The disadvantage of this solution is that the use of rubber glue has limitations on the materials with which it is bonded, and on the safety of the work. In addition, it has a limited service life, as it has natural vulcanization and quickly crystallizes upon heating. Glues based on synthetic rubbers are solutions of synthetic thermoplastic elastomers in organic solvents (ethyl acetate, gasoline, benzene, toluene, etc.) with special additives to increase adhesion strength and heat resistance (coumaronoindene, butylphenol formaldehyde and other oligomers). In addition, such adhesives do not work with polyethylene, which necessitates the use of an intermediate fusible layer such as a polyolefin film. The use of some rubber adhesives requires the use of vulcanization temperatures up to 150 ° C, which is unacceptable for non-cross-linked foamed polyethylene. The operating temperature of the shrinkage of the polyolefin film is 110-170 ° C. And the working temperature of non-crosslinked gas-filled polyethylene ranges from -60 to + 75 ° C. At a temperature above the permissible (about 110 ° C), polyethylene foam becomes completely unsuitable for use. The lamination process, that is, hot melt between the hot rolls of the laminator during the joining of two polymeric materials, is usually carried out in the range from 90 to 160 ° C (hot lamination).

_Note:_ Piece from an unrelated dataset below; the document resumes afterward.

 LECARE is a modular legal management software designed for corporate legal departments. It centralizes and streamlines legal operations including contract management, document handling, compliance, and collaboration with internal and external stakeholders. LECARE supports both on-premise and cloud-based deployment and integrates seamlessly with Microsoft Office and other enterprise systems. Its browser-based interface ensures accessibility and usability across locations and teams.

Therefore, the well-known solution belongs to the category of difficult to implement and does not reflect the possibility of creating a composite with those de properties, but from simpler, cheaper and low-temperature components.

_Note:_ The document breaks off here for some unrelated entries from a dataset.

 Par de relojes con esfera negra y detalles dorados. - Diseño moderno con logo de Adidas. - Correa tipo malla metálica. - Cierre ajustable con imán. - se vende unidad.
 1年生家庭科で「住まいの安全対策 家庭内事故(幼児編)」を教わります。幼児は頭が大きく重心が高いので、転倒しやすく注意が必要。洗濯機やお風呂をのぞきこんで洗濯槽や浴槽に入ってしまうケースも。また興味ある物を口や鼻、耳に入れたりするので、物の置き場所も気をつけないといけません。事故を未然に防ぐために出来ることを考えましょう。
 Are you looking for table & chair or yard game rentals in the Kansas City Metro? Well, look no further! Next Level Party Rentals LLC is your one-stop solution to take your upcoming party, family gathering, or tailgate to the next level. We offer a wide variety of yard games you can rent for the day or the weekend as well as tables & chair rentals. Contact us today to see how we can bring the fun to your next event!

This utility model is aimed at achieving a technical result consisting in simplifying the design of a composite material with the properties of heat, noise and vibration insulation through the use of hot-melt polyethylene and pressure sensitive adhesive (gluing against mechanical stress by pressing).

The specified technical result is achieved in that in a composite material, which is a layered structure, the first layer of which is made of polymer hot-melt film, the second layer is made of adhesive, and the third layer covering the adhesive layer is made of release film material, while the polymer film is thermally bonded with a sheet of non-cross-linked gas-filled polyethylene, the polymer hot-melt film is made of polyethylene, siliconeisier is used as a release film material polyethylene terephthalate film, and the adhesive layer used was an adhesive from the group that is glued from mechanical stress by pressing, while the polymer hot-melt polyethylene film is thermally connected to a sheet of foamed, non-cross-linked gas-filled polyethylene using hot laminator shafts.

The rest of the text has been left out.